Formed in 2016, Avalanche Party: Jordan Bell (vocals/guitar), Joe Bell (bass/vocals), Jared Thorpe (guitar/sax/vocals), Glen Adkins (keys) and Kane Waterfield (drums) have stated “nobody comes from where we come from”. Hailing from different corners of North Yorkshire, the band was put together by the brothers Bell, who were brought up on a farm on the sprawling moors, home-schooled by their parents and initiated into the counterculture by their father Pete, who in the late 1960s was resident bassist at Beckenham Arts Lab, playing alongside Bowie among other South East London radicals.

Blitzing together their distinctive styles (Waterfield’s hard-hitting, bouncing-bomb drumming; Thorpe’s expressive avant-rock pyrotechnics; Joe Bell’s athletic basslines; Adkins’ intoxicating synth), Avalanche Party create a noise that blends and twists their individual influences into shapes that defy any neat label. Intended as a deviation from the ‘loud, thrashy’ live performances that first got them noticed, the band’s 2019 debut LP ‘24 Carat Diamond Trephine’ spurts forth a spectrum of styles, leaping from frenetic garage-psych to sedate surrealistic Americana to staccato uplifting indie rock over the course of its thirty-nine minutes.

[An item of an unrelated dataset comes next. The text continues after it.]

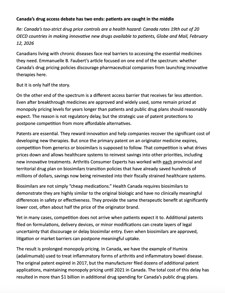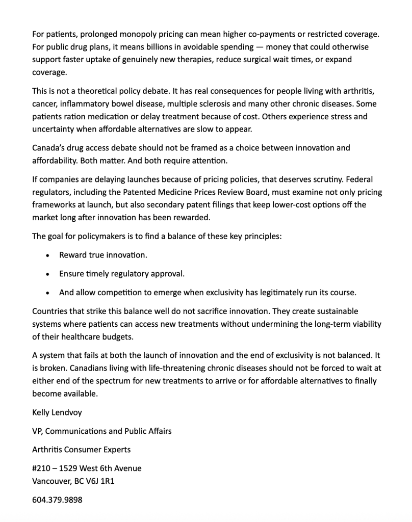 “Canada’s drug access debate has two ends: patients are caught in the middle,” Op-Ed by Arthritis Consumer Experts (ACE)

Forthcoming album "Der Traum Über Alles", in contrast, is a more considered, full-formed beast, its dark underbelly undoubtedly a result of it being conceived during and after the caged-animal isolation of the COVID-19 pandemic, on an industrial estate in Darlington and down in the basement studio they built in Middlesbrough once restrictions were eased. Decorated with Warholian tinfoil wallpaper, the studio served as a year-long nerve centre for the band while Thorpe and the brothers Bell pieced together their ideas, before a freak flood in September 2022 forced them to flee.

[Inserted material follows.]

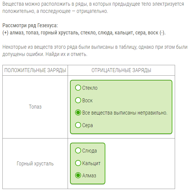 Встретил я тут в онлайн-тестах очередное забавное задание. Сначала расскажу о чём речь. В электростатике есть понятие электризации. Есть явление электризации трением: если потереть два предмета друг о друга, то один зарядится положительно, второй отрицательно (трибоэлектричество). Вещества располагают в ряды, по знаку заряда, который образуется при трении (типа ряда электроотрицательности в химии). По такому ряду можно определить, какой заряд образуется у тел: то, что левее в ряду, будет заряжено положительно, а которое правее - отрицательно. И вот задание: Я не сразу въехал в смысл. Задание сформулировано ещё сложнее, чем я пишу свои статьи. А когда въехал я сильно удивился. Поясню: надо выделить ошибки в таблице. Во второй строке ничего необычного, там действительно только алмаз будет иметь положительный заряд, если его тереть о горный хрусталь. Но в первой строке... Там нечего выбрать (на первый взгляд). Все вещества, которые перечислены будут заряжены отрицательно, если тереть

For all its urgency, the making of the LP required near-superhuman patience from the band. Recorded in November 2022 with Dave Catching (Queens of the Stone Age, Eagles of Death Metal) at Rancho de la Luna his beautifully eccentric home studio on the edge of Joshua Tree National Park, California Avalanche Party were set to be there two years before, but had to wait for the US border to reopen after repeated lockdowns Stateside. Swapping subterranean Teesside for this magical, hazardous desert landscape populated with rattlesnakes, scorpions and cholla cacti, the band recorded ‘Der Traum Über Alles’ in just ten days with Catching as their generous free-spirited pilot, his intimate knowledge of his vintage gear and Thanksgiving cooking sustaining the rapid-fire sessions. The idiosyncrasies of malfunctioning equipment (Jordan’s buzzing guitar, Jared’s deformed sax) were embraced as the band blazed through the songs, Catching’s laidback mastery of his own beaten-up equipment ensuring each track felt like a spontaneous eruption after so many months of suspended animation.

Catching’s generosity extended to introducing the band to Paul Frazer, who mixed the record. Having harnessed the intensity of such artists as IDLES, The Prodigy and Wilko Johnson, Frazer intuitively grasped how to magnify Avalanche Party’s energy on ‘Der Traum Über Alles’, creatively entertaining the most abstract of mixing suggestions like Jordan’s notion that "Shake the Slack" should burst forth like a lurking moray eel ambushing its prey.

Like the hallucinated Rudolf Nureyev ‘dancing all night long through the streets’ in "Nureyev Said it Best", Avalanche Party offer the best possible solution to the strains, strife and superficiality of our times: to set yourself free with unbridled, rampant creativity. Witnessing the band live is like being present at an electrified possession ritual and, with ‘Der Traum Über Alles’, they have produced a propulsive soundtrack to their darkest reveries; an incendiary alternative to the mundanity and meaninglessness of modern life and its mass-manufactured culture; a riotous call to arms, urging you to cling to your dreams above all else.